I have met people from many of these neighborhoods at my assigned longitudinal clerkship clinic in Midtown. Most of the patients at the clinic are born-and-raised Baltimoreans, and their love for this city and its people—despite the harms that living here may have dealt them from time to time—is nothing short of inspiring. I have seen teams of people distribute over 500 turkeys at an East Baltimore school as if it were just another Friday afternoon. My preceptor tacks on at least three unpaid hours every day by taking time to create an individualized plan for lifestyle adjustments and remote blood pressure monitoring for each patient. On a micro level, I am never in want of food at any local gathering; I have received Maryland pears and fried chicken liver from complete strangers. While the rest of the nation often views Baltimore through the lens of crime statistics and street aesthetics, Baltimoreans are living proof that love is not love that alters when it alteration finds. As an oft-seen bumper sticker reads, “Baltimore: Actually, I like it.”
Each time we return to our hometowns, familiar faces and places recall younger versions of ourselves, and we confront the choice to reclaim—or reject—the place as home.
Watching Baltimoreans commit to the work of loving this city has often made me wonder if home, like love, may be more of an action than an idea; more of a choice than a feeling. Perhaps it is a feeling that leads one to make the same choice over and over again. Each time we return to our hometowns, familiar faces and places recall younger versions of ourselves, and we confront the choice to reclaim—or reject—the place as home. What is this elusive feeling that anchors such a pivotal choice, woven so deeply into the fabric of identity that it seems indistinguishable from the self?
If any medium best sheds light on this feeling, it is the poetry of returning to home. Poems of homecoming are one of the oldest genres of poetry—heir to a tradition that contains the Odyssey, among others—and bear testament to the universal human desire for home and homeland. The greatest poem of return is Catullus’ Carmen 31. (As a Classics major, I am entirely unbiased.) It is a love letter to the author’s home in Sirmio, a peninsula at the southern tip of Lake Garda in Northern Italy. Although Catullus is best known for his years in Rome, he was born in Verona and spent much of his childhood at his family’s villa in Sirmio.
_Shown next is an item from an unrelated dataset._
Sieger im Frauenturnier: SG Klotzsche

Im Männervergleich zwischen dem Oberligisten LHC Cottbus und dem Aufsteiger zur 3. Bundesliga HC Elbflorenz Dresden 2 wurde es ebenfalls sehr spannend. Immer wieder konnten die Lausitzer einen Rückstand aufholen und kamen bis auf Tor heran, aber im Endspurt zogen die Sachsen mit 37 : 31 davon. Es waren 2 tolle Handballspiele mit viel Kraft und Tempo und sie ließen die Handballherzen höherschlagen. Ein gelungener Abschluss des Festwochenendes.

He opens Carmen 31 with the line Paene insularum, Sirmio, insularumque / ocelle, “Sirmio, eyelet of peninsulas and of islands.” Note that ocelle is an ancient Roman pet name meaning little eye or eyelet, often translated as “darling,” which sets a tone of deep affection for Sirmio, as though it were a loved one. He continues, expressing disbelief that he has returned at last from Bithynia (modern day Turkey) and is looking upon Sirmio in tuto (“in safety”). Throughout this paean to Sirmio, sound and meaning work together to convey the pure joy of the traveler returning home, weary from the task and the journey. It is best felt in the original Latin.
Ō quid solūtīs est beātius cūrīs,
cum mēns onus repōnit, ac peregrīnō
labōre fessī vēnimus larem ad nostrum,
dēsīderātōque acquiēscimus lectō?
Hoc est quod ūnum est prō labōribus tantīs.
“O what is more blessed than cares dissolved, when the mind lays down its burden, and we—exhausted from labor abroad—come to our home*, and relax in our so desired bed? This alone is recompense* for such great labors.”
*larem in this case means a household god. It is often translated here as just “home.”
*est pro lit. “is in return for”
I fell in love with this poem in high school, when I was processing a disruption in my own concept of home. During my sophomore year, my family had moved from the town where I was born and raised—Newburyport, Massachusetts—to San Juan, Puerto Rico, for my father’s new job. My parents, aunt, uncle, and I moved all the items from my childhood home into a storage unit, sold them, or gave them to relatives, a process that took several months. My sister, then on the cusp of high school, refused to leave her room to visit the storage unit, which she called “our new home.”
I coveted the spiritual rest and distance from worldly cares that Catullus had in Sirmio.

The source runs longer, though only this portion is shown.